**Problem statement:** What must be written out is each line from the one holding "Happy Birthday Cat" through the end of the records, word for word, minus any pictures.

**Dataset excerpts:**

:::::

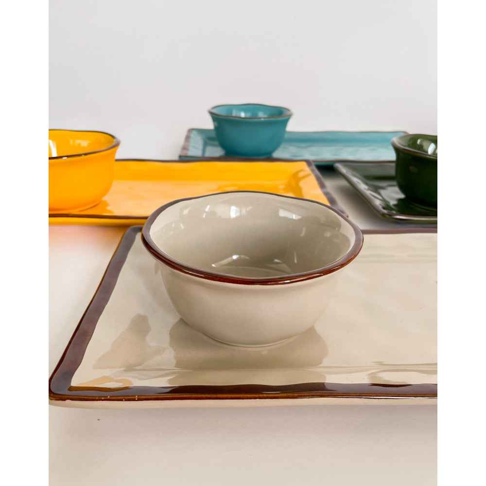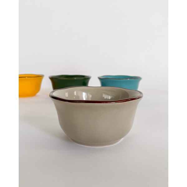 Ciotolina in ceramica martellata lucida, con bordino marrone. Abbinala ai vassoi e all'insalatiera per comporre un bellissimo set.
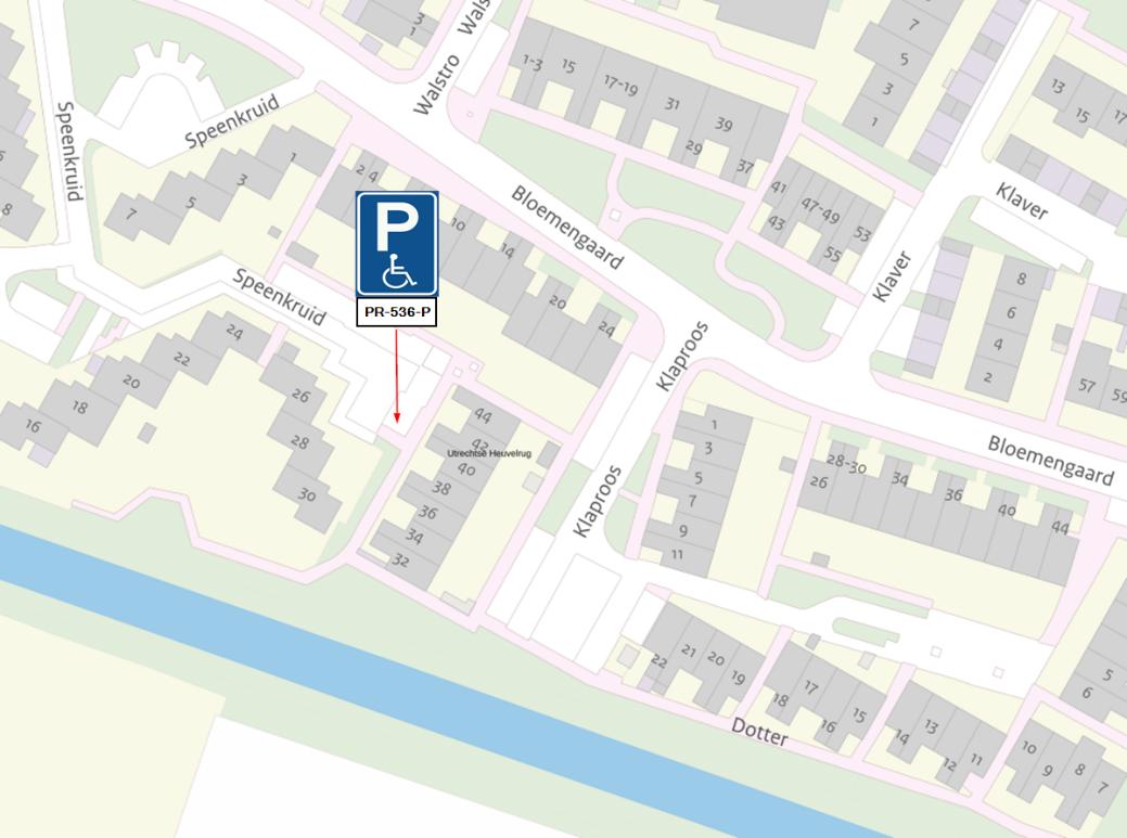 Het instellen van een gehandicaptenparkeerplaats door het plaatsen van verkeersbord E6 uit bijlage 1 van het Reglement Verkeersregels en Verkeerstekens 1990 (RVV 1990) inclusief onderbord met kenteken PR-536-P op de locatie Speenkruid ter hoogte van huisnummer 38 in Doorn, conform de bij dit besluit behorende tekening.
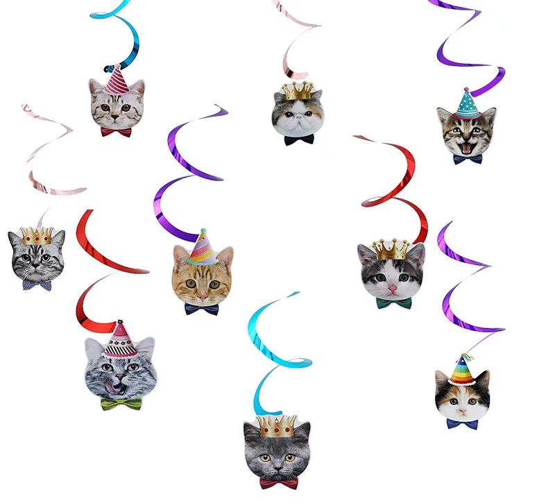 Happy Birthday Cat Birthday Banner, 10 PCS Cat Face Party Banner, Kitty Cat Theme Party Bunting Decoration for Cat Adoption Birthday Party Favors - Colour: cat banner new
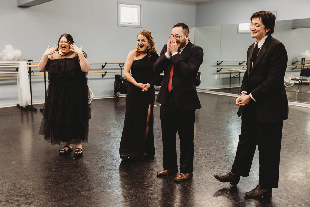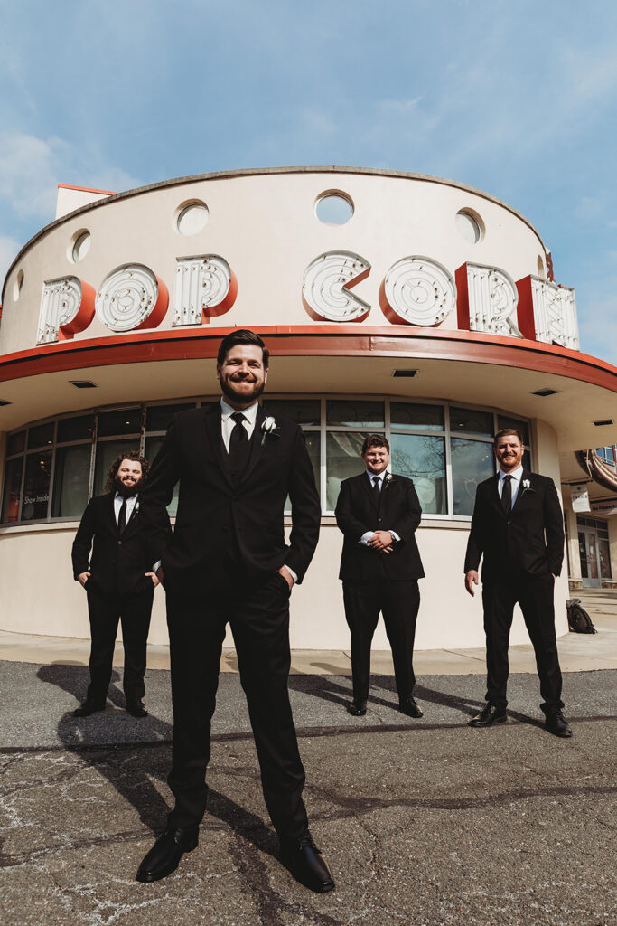 I got to know Bill and Alora during their engagement session a few months before their wedding. During that time, I fell in love with their sweet, intentional energy. That was only magnified throughout their wedding day. They each got ready with their closest friends, throwing tradition out the window and having anyone they wanted with them throughout the morning. I was obsessed with the sleek black dresses and suits paired with red accents. They matched the venue perfectly! We got some incredible photos around the park, taking advantage of the unique, colorful backdrops.
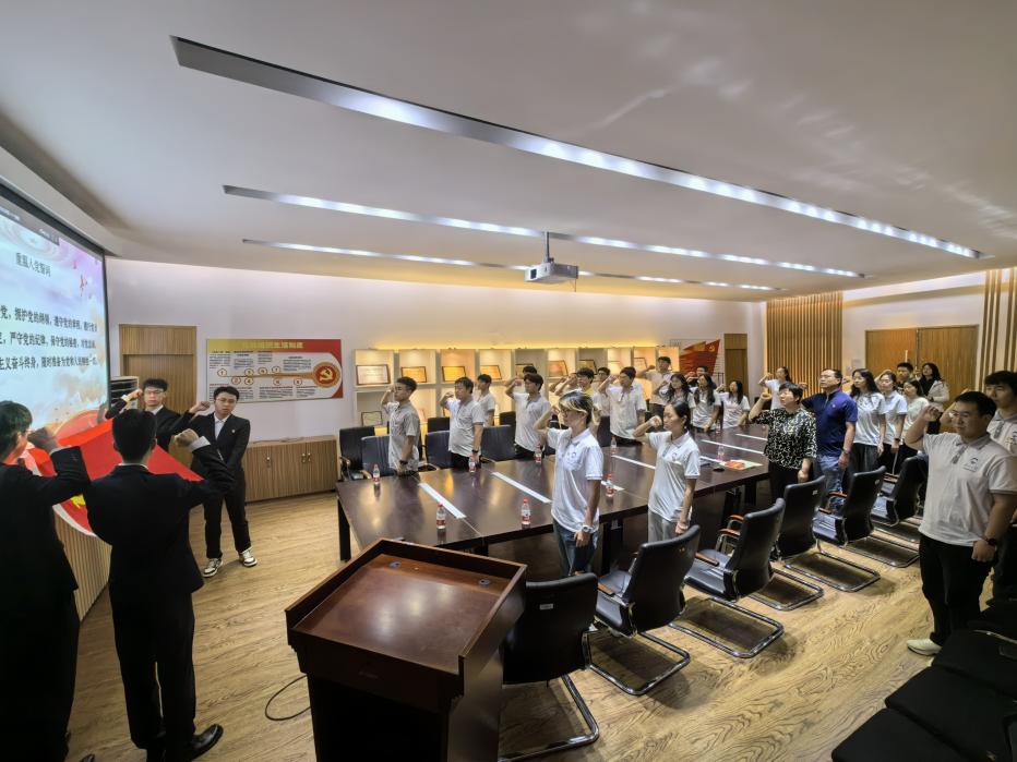 活动最后,李晓璐带领全体党员师生面向党旗庄严宣誓,重温入党誓词。党课在嘹亮的校歌声中圆满落幕。
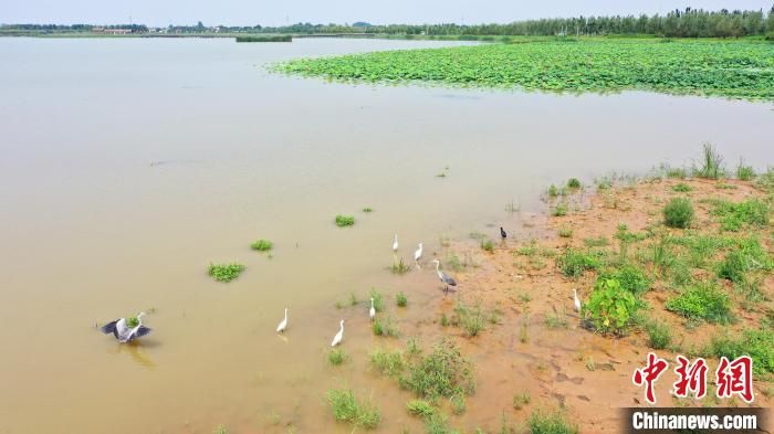盛夏時(shí)節(jié),雨過(guò)天晴,美麗的南宮湖水波蕩漾,蒼鷺、白鷺、綠頭鴨等鳥類在此翔集,棲息覓食。河北省南宮市的南宮湖濕地公園,擁有3000多畝水面和52公里內(nèi)外環(huán)水系,是河北南部依傍縣城最大的人工湖。近年,當(dāng)?shù)貙?shí)施南宮湖水生態(tài)修復(fù)工程,昔日“藏污納垢,蚊蠅亂飛”的舊坑塘成為水清、岸綠、景美的生態(tài)湖、景觀湖。
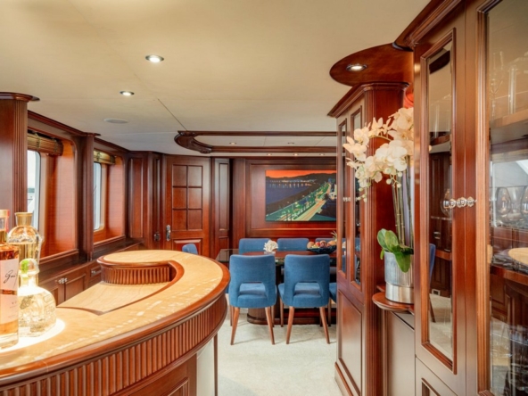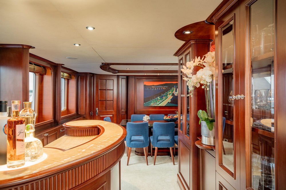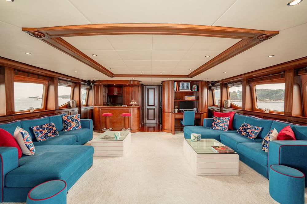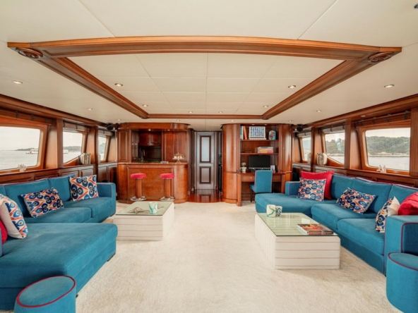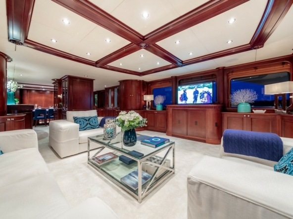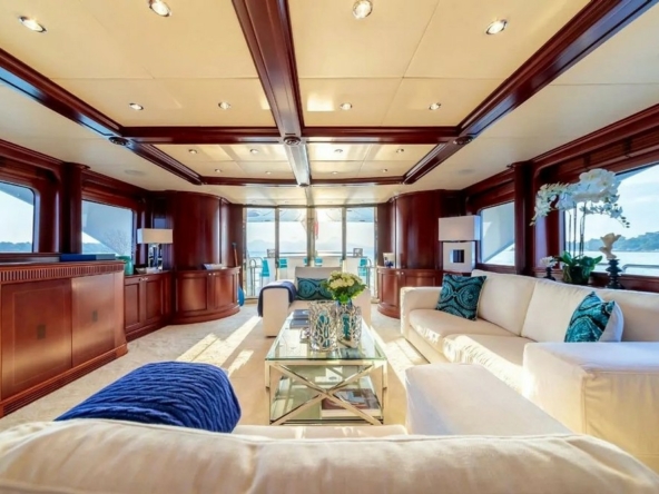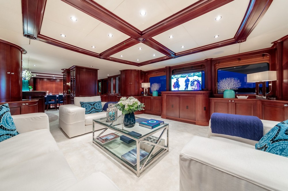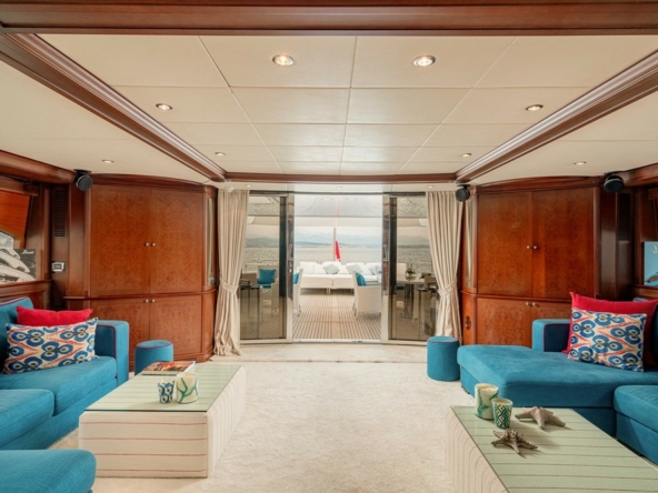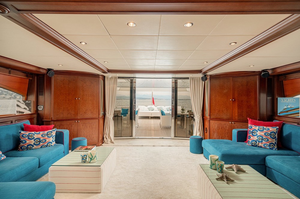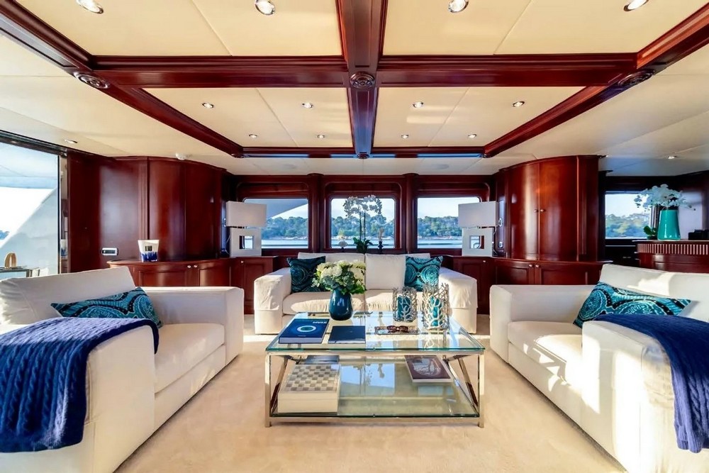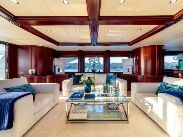 En entrant à l’intérieur du pont principal par la baie vitrée coulissante, on est frappé par l’espace et le luxe des aménagements, conçus par Francois Zuretti. Les boiseries et les marqueteries en merisier vernies, les plafonds, moquettes, et canapés blancs, créent une ambiance cossue et chaleureuse.

:::::

**Solution to this exercise:**
 Happy Birthday Cat Birthday Banner, 10 PCS Cat Face Party Banner, Kitty Cat Theme Party Bunting Decoration for Cat Adoption Birthday Party Favors - Colour: cat banner new
 I got to know Bill and Alora during their engagement session a few months before their wedding. During that time, I fell in love with their sweet, intentional energy. That was only magnified throughout their wedding day. They each got ready with their closest friends, throwing tradition out the window and having anyone they wanted with them throughout the morning. I was obsessed with the sleek black dresses and suits paired with red accents. They matched the venue perfectly! We got some incredible photos around the park, taking advantage of the unique, colorful backdrops.
 活动最后,李晓璐带领全体党员师生面向党旗庄严宣誓,重温入党誓词。党课在嘹亮的校歌声中圆满落幕。
盛夏時(shí)節(jié),雨過(guò)天晴,美麗的南宮湖水波蕩漾,蒼鷺、白鷺、綠頭鴨等鳥類在此翔集,棲息覓食。河北省南宮市的南宮湖濕地公園,擁有3000多畝水面和52公里內(nèi)外環(huán)水系,是河北南部依傍縣城最大的人工湖。近年,當(dāng)?shù)貙?shí)施南宮湖水生態(tài)修復(fù)工程,昔日“藏污納垢,蚊蠅亂飛”的舊坑塘成為水清、岸綠、景美的生態(tài)湖、景觀湖。
 En entrant à l’intérieur du pont principal par la baie vitrée coulissante, on est frappé par l’espace et le luxe des aménagements, conçus par Francois Zuretti. Les boiseries et les marqueteries en merisier vernies, les plafonds, moquettes, et canapés blancs, créent une ambiance cossue et chaleureuse.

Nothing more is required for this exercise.